» Data in this exercise:
'''

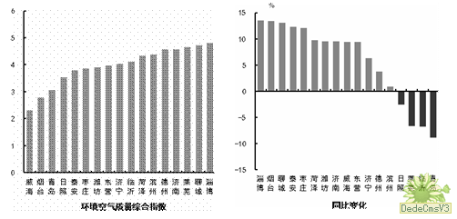 环境空气质量综合指数最好的城市是威海市,为2.30,最差的城市是淄博市,为4.80。13市同比改善,改善幅度最大的城市是淄博市,为13.5%;4市同比恶化,恶化幅度最大的城市是青岛市,为8.9%。
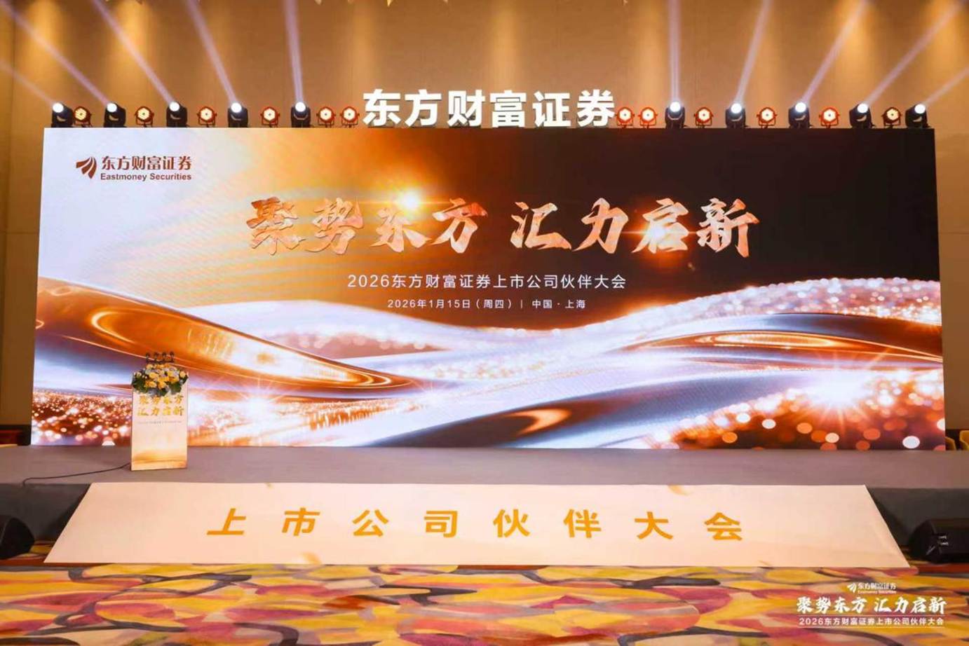 1月15日,“聚势东方汇力启新”2026东方财富证券首届上市公司伙伴大会在沪举办。作为东方财富证券重磅打造的高质量互动交流平台,本次大会以“凝聚共识、携手共进,在变局中把握先机”为宗旨,200余位上市公司高管、知名专家学者齐聚一堂,围绕宏观趋势、生态服务、治理深化展开深度对话,共筑产业与资本协同新生态。
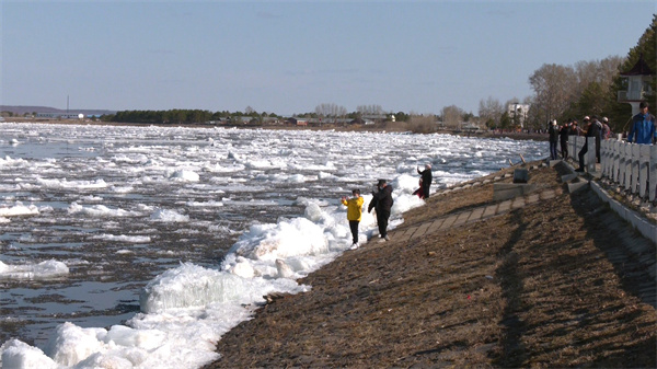 第一次看到龍江美景的天津遊客李建成說:「經過朋友的介紹,從天津來到呼瑪,等了好幾天吶,終於等到了開江,真的挺壯觀的,我拍了好多小視頻給我的朋友們,哎呀,他們都非常的欣賞,真的好棒。」
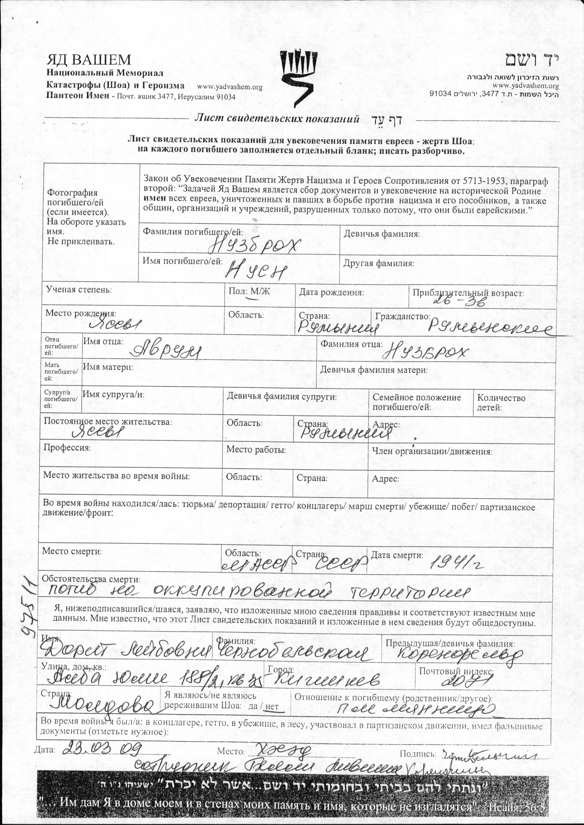 Яд Вашем - Листы свидетельских показаний Мемориального фонда
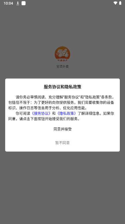 1、广大的用户需要在平台来下载这款外卖app最新版,然后点击同意就可以;
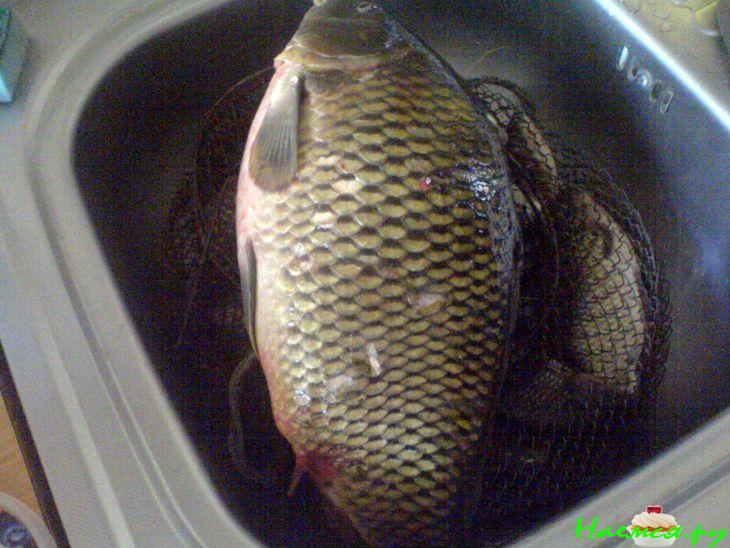 Берем карпа,если есть возможность посылаем мужа на рыбалку,ну а более приемлимый вариант-покупаем,только желательно что бы рыбка была "первой" свежести, не замороженая.Чистим,моем,потрошим,удаляем жабры,глаза.Обсушиваем бумажным полотенцем ,взбрызгиваем соком лимона и внутри и снаружи,натираем сухим специями для рыбы, в состав которых входит и соль.И оставляем на 30-40 мин.
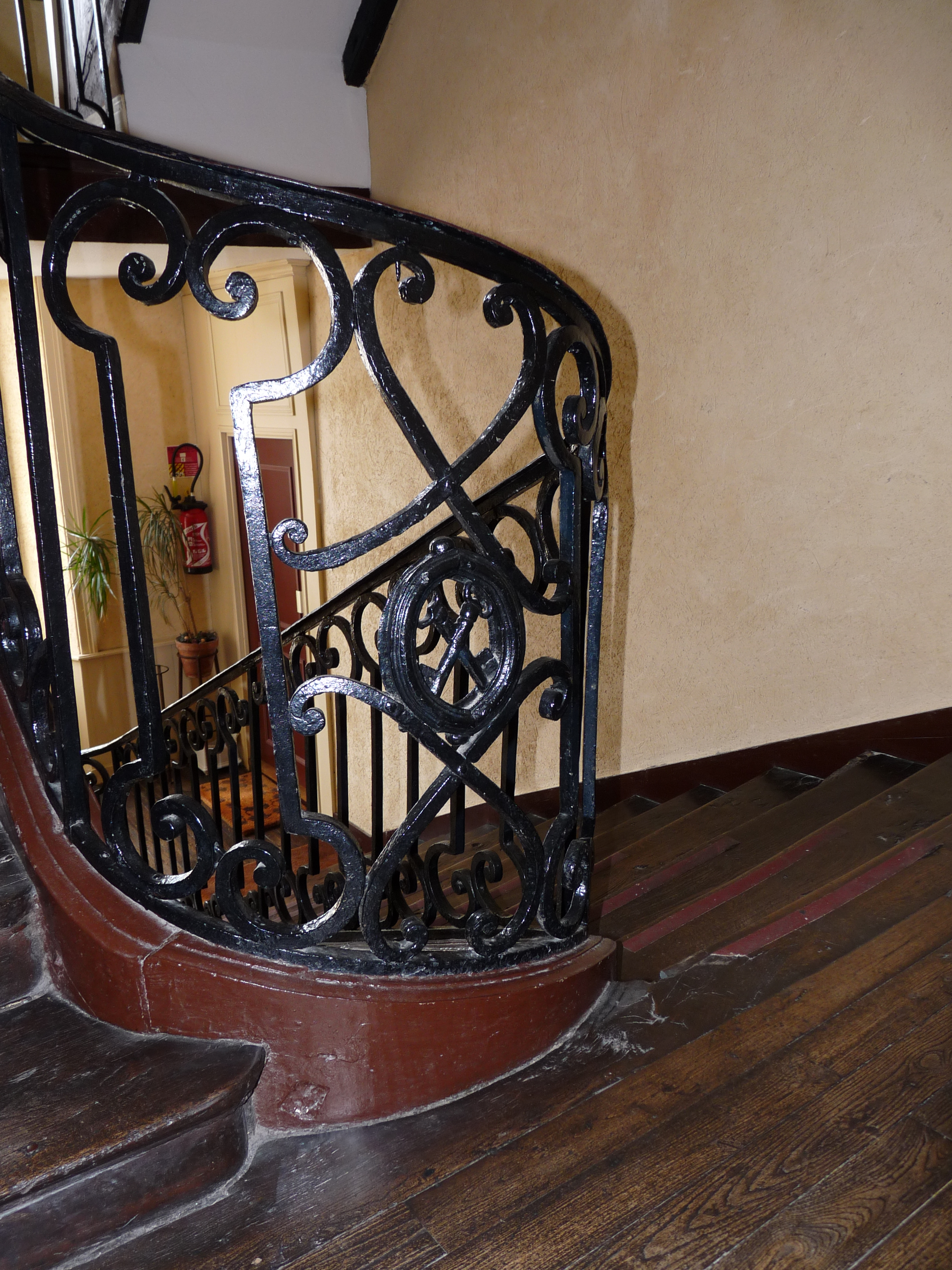 Escalier, rampe en fer forgé, détail, clefs de Saint-PierreImmatriculation
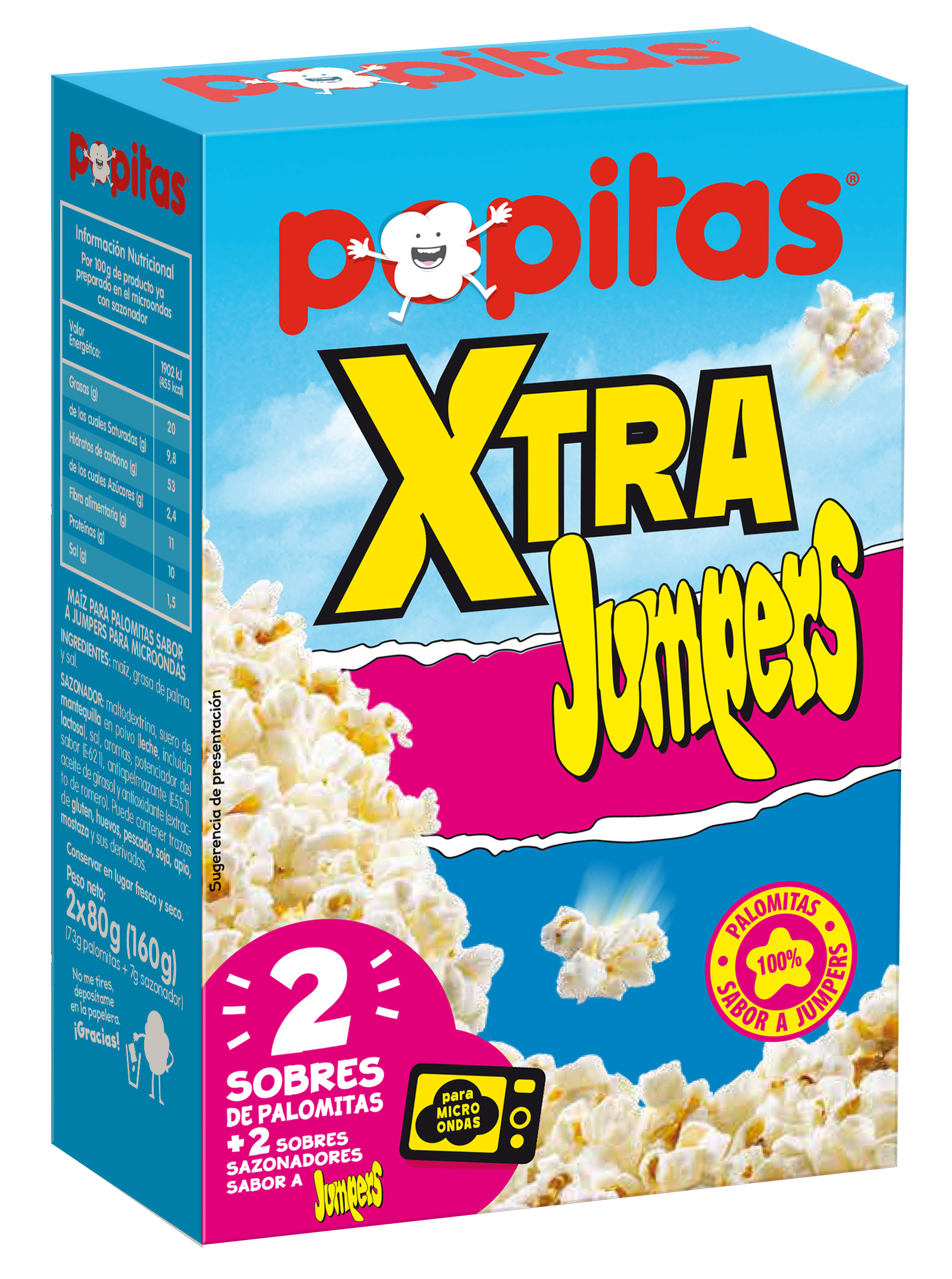 Popitas Xtra sabor Jumpers combina crispetes recentment fetes amb el mític sabor Jumpers mantega, creant una fusió inesperada i totalment innovadora. Una proposta que eleva l’snacking tradicional en unir dues icones en una experiència cruixent, saborosa i sorprenent.
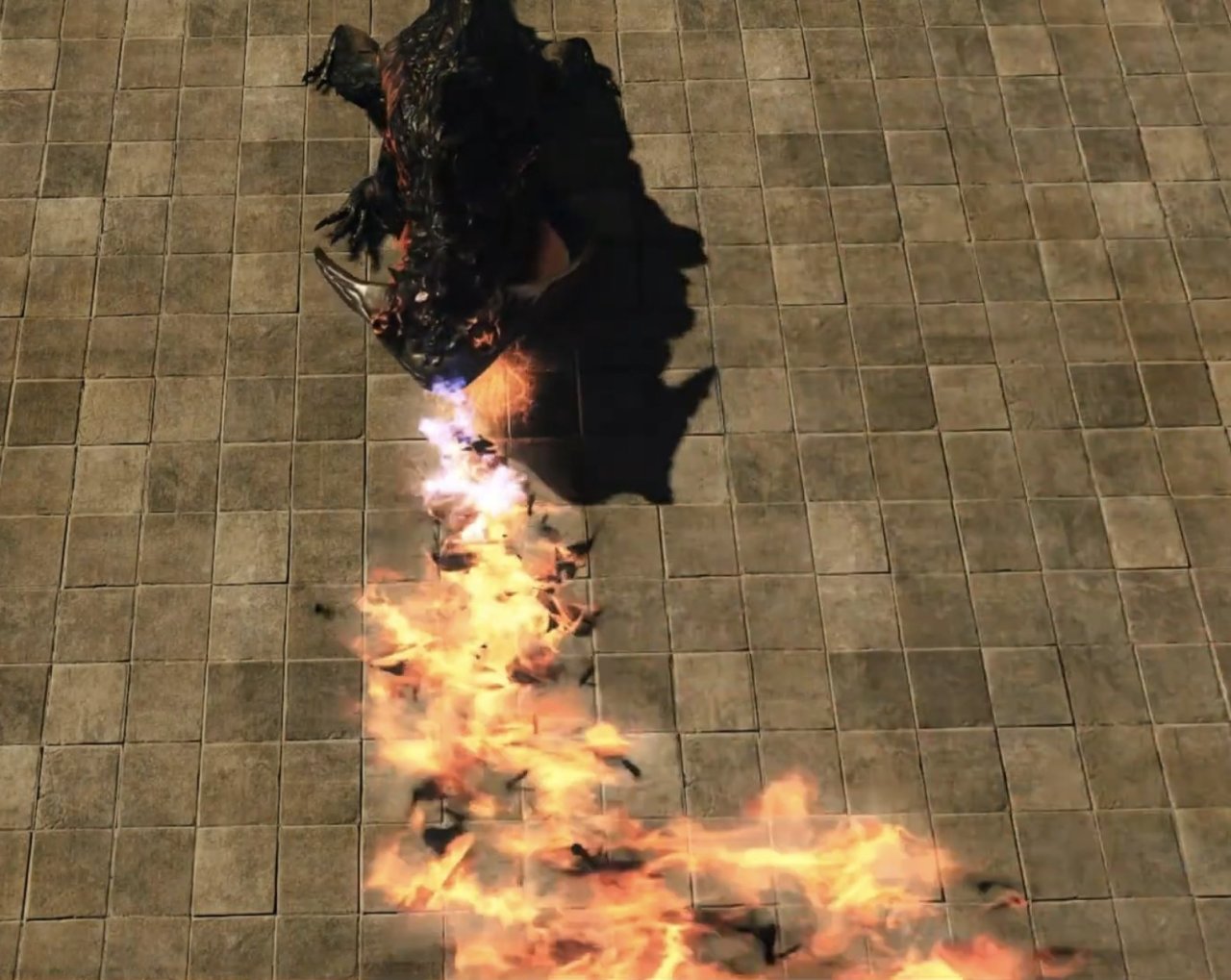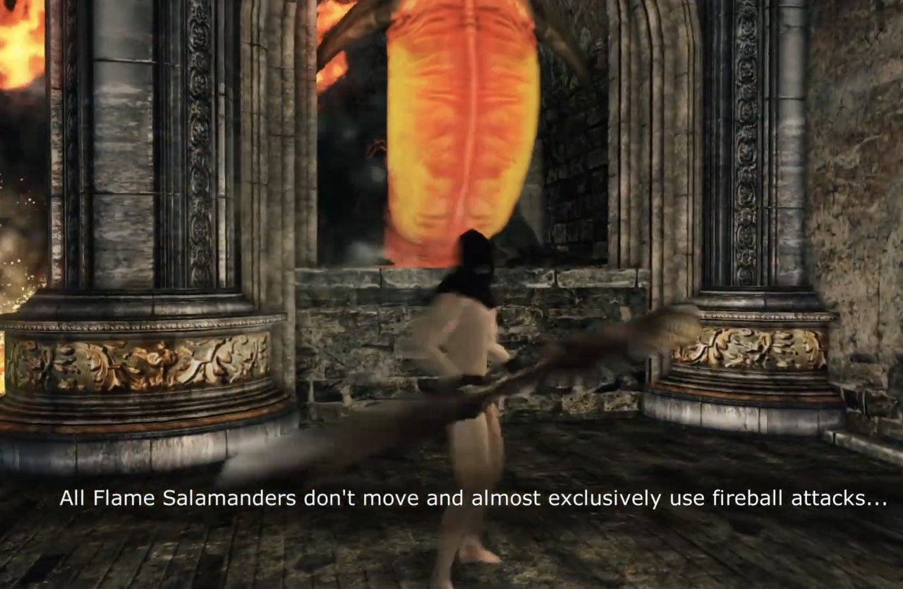 而且他存在感还是挺高的,不管是初见铁甲龟兵(我真忘了那个叫啥了)时左侧山洞中堵住洞内疯狂喷火不让你拿火焰长剑的哪只,还是打最后巨人路过附近时听到其嘶吼咆哮,都能给刚玩魂2的人留下深刻印象。
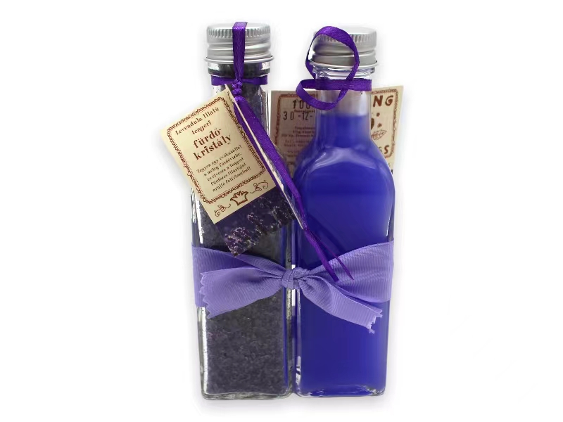 Leírás: 100ml habfürfő 100ml fürdősó levendula illatban.
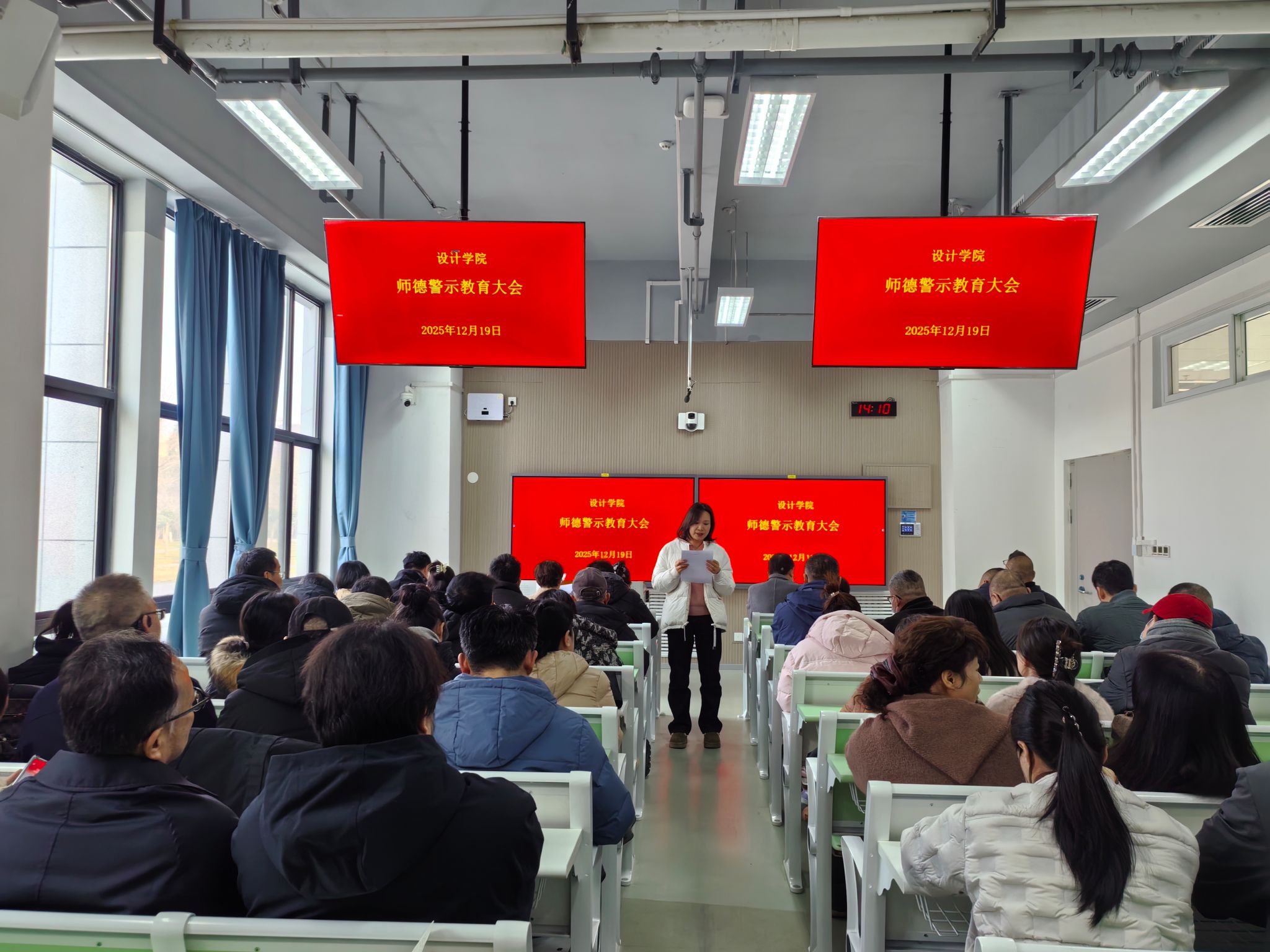 会上,院党委纪委委员祝瑜通报了北京建筑大学教师许某等4位教师违反《新时代高校教师职业行为十项准则》典型案例,让全体教师直观感受师德失范行为的严重后果与恶劣影响。随后,大会重点组织全体教师深入学习了《师德警示教育案例汇编》《师德规范学习手册》等内容,进一步强化了教职员工“以案为鉴、警钟长鸣”的防范意识,筑牢了廉洁从教、廉洁治学的思想防线,切实推动警示教育从“被动学习”向“主动警醒”转变。
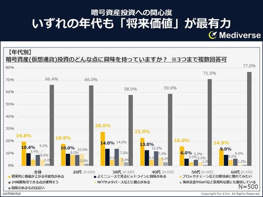 年代別に見ると、暗号資産(仮想通貨)投資への関心度は、いずれの年代も「興味があるものはない」が最多であるものの、次点には「将来的に価値が上がる可能性がある」点を挙げていた。

'''

» Exercise requirements: Pictures are not part of the answer. Restate word for word the lines from the one with "1、广大的用户需要在平台来下载这款外卖app最新版,然后点击同意就可以;" through the last line of the records.

» Answer for the task:
 1、广大的用户需要在平台来下载这款外卖app最新版,然后点击同意就可以;
 Берем карпа,если есть возможность посылаем мужа на рыбалку,ну а более приемлимый вариант-покупаем,только желательно что бы рыбка была "первой" свежести, не замороженая.Чистим,моем,потрошим,удаляем жабры,глаза.Обсушиваем бумажным полотенцем ,взбрызгиваем соком лимона и внутри и снаружи,натираем сухим специями для рыбы, в состав которых входит и соль.И оставляем на 30-40 мин.
 Escalier, rampe en fer forgé, détail, clefs de Saint-PierreImmatriculation
 Popitas Xtra sabor Jumpers combina crispetes recentment fetes amb el mític sabor Jumpers mantega, creant una fusió inesperada i totalment innovadora. Una proposta que eleva l’snacking tradicional en unir dues icones en una experiència cruixent, saborosa i sorprenent.
 而且他存在感还是挺高的,不管是初见铁甲龟兵(我真忘了那个叫啥了)时左侧山洞中堵住洞内疯狂喷火不让你拿火焰长剑的哪只,还是打最后巨人路过附近时听到其嘶吼咆哮,都能给刚玩魂2的人留下深刻印象。
 Leírás: 100ml habfürfő 100ml fürdősó levendula illatban.
 会上,院党委纪委委员祝瑜通报了北京建筑大学教师许某等4位教师违反《新时代高校教师职业行为十项准则》典型案例,让全体教师直观感受师德失范行为的严重后果与恶劣影响。随后,大会重点组织全体教师深入学习了《师德警示教育案例汇编》《师德规范学习手册》等内容,进一步强化了教职员工“以案为鉴、警钟长鸣”的防范意识,筑牢了廉洁从教、廉洁治学的思想防线,切实推动警示教育从“被动学习”向“主动警醒”转变。
 年代別に見ると、暗号資産(仮想通貨)投資への関心度は、いずれの年代も「興味があるものはない」が最多であるものの、次点には「将来的に価値が上がる可能性がある」点を挙げていた。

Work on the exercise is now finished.